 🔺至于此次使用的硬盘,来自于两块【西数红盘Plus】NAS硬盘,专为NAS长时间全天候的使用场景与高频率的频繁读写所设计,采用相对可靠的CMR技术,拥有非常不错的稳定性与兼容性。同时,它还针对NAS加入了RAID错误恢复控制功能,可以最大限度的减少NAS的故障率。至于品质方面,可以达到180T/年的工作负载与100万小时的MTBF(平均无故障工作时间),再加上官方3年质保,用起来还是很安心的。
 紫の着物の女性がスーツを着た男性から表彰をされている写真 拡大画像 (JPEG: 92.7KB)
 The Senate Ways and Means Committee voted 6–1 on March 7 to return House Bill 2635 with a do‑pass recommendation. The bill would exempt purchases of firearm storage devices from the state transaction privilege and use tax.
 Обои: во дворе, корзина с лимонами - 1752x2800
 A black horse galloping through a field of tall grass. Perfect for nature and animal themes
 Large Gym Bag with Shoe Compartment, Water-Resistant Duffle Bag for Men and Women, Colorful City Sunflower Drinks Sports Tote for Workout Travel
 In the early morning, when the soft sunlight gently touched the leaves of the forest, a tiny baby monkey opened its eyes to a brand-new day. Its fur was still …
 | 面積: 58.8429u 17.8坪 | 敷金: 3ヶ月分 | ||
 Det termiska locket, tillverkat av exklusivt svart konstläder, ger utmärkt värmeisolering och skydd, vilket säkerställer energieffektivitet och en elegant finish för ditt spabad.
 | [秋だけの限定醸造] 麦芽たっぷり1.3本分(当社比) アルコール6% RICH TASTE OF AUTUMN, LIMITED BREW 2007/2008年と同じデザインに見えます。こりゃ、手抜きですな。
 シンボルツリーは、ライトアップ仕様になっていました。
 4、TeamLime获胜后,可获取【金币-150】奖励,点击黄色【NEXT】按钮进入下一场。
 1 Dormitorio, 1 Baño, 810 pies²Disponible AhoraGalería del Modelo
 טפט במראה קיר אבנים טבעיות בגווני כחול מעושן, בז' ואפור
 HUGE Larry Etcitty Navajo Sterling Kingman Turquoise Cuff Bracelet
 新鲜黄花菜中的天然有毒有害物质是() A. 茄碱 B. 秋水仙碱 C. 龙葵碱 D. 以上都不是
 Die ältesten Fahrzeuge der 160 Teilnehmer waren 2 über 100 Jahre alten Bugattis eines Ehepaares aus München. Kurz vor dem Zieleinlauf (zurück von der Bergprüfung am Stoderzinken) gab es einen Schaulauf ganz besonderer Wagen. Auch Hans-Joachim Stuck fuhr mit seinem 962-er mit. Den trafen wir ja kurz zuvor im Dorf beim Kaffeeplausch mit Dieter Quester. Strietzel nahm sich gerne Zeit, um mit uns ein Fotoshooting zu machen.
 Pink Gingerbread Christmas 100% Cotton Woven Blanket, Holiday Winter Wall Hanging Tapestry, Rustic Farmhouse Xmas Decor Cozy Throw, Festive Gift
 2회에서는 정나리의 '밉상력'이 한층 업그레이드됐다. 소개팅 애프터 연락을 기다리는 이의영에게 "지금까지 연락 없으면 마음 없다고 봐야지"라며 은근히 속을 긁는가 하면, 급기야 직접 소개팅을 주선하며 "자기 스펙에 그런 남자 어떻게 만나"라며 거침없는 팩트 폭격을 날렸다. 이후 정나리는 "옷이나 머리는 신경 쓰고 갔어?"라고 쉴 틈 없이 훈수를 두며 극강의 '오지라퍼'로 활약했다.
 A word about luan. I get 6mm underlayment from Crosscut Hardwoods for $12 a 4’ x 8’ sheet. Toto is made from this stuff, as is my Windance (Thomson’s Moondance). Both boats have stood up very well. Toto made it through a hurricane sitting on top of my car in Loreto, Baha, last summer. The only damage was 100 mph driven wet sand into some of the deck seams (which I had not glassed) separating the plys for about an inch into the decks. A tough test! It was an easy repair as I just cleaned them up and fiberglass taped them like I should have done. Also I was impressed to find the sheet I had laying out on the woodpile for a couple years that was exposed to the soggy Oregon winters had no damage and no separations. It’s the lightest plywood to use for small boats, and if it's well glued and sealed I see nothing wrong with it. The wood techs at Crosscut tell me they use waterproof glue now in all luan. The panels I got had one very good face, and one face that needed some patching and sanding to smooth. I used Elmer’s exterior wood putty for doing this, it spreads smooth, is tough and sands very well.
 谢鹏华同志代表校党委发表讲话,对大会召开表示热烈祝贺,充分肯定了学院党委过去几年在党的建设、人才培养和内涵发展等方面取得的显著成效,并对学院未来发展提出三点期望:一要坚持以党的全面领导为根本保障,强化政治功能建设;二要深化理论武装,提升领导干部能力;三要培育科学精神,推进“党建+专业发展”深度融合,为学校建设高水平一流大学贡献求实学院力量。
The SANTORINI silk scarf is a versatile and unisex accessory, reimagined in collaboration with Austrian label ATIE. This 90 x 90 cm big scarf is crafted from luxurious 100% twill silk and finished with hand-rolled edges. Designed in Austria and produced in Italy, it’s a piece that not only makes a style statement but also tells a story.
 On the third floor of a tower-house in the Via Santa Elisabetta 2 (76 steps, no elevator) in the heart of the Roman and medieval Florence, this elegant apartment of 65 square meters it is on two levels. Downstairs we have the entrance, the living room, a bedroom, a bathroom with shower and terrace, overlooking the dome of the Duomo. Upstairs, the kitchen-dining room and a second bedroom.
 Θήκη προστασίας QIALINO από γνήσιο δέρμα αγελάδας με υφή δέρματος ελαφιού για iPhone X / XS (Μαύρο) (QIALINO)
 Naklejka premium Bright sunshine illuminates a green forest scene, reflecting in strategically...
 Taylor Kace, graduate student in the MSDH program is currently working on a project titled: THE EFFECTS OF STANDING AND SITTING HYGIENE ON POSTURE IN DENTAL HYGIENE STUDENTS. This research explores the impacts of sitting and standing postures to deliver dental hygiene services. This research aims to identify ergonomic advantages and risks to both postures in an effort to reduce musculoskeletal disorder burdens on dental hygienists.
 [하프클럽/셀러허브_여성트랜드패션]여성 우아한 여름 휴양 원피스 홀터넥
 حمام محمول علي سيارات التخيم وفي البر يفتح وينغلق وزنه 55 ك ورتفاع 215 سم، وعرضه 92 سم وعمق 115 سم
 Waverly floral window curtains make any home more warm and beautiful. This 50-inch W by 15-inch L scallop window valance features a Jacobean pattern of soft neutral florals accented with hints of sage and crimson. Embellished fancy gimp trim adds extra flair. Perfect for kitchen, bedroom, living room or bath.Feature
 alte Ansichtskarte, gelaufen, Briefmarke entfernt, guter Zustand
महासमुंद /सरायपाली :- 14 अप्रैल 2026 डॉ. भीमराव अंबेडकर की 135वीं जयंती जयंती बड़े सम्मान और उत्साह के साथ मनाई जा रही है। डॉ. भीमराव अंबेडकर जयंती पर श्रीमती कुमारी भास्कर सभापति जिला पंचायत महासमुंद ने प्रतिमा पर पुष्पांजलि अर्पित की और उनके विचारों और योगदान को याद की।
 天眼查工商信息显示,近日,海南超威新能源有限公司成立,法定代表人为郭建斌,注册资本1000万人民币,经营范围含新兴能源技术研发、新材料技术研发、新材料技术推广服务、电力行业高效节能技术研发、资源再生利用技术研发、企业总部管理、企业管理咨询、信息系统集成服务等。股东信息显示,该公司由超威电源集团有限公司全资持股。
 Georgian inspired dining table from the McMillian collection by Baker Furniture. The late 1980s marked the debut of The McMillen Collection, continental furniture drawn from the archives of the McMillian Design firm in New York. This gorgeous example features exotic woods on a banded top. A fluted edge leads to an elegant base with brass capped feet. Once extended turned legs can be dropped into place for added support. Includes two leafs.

- - - -

* **YOUR ASSIGNMENT**
Looking back over the data above, restate word for word the lines that begin at the line with "谢鹏华同志代表校党委发表讲话" and end at the line with "On the third", inclusive.

* **EXPECTED ANSWER**
 谢鹏华同志代表校党委发表讲话,对大会召开表示热烈祝贺,充分肯定了学院党委过去几年在党的建设、人才培养和内涵发展等方面取得的显著成效,并对学院未来发展提出三点期望:一要坚持以党的全面领导为根本保障,强化政治功能建设;二要深化理论武装,提升领导干部能力;三要培育科学精神,推进“党建+专业发展”深度融合,为学校建设高水平一流大学贡献求实学院力量。
The SANTORINI silk scarf is a versatile and unisex accessory, reimagined in collaboration with Austrian label ATIE. This 90 x 90 cm big scarf is crafted from luxurious 100% twill silk and finished with hand-rolled edges. Designed in Austria and produced in Italy, it’s a piece that not only makes a style statement but also tells a story.
 On the third floor of a tower-house in the Via Santa Elisabetta 2 (76 steps, no elevator) in the heart of the Roman and medieval Florence, this elegant apartment of 65 square meters it is on two levels. Downstairs we have the entrance, the living room, a bedroom, a bathroom with shower and terrace, overlooking the dome of the Duomo. Upstairs, the kitchen-dining room and a second bedroom.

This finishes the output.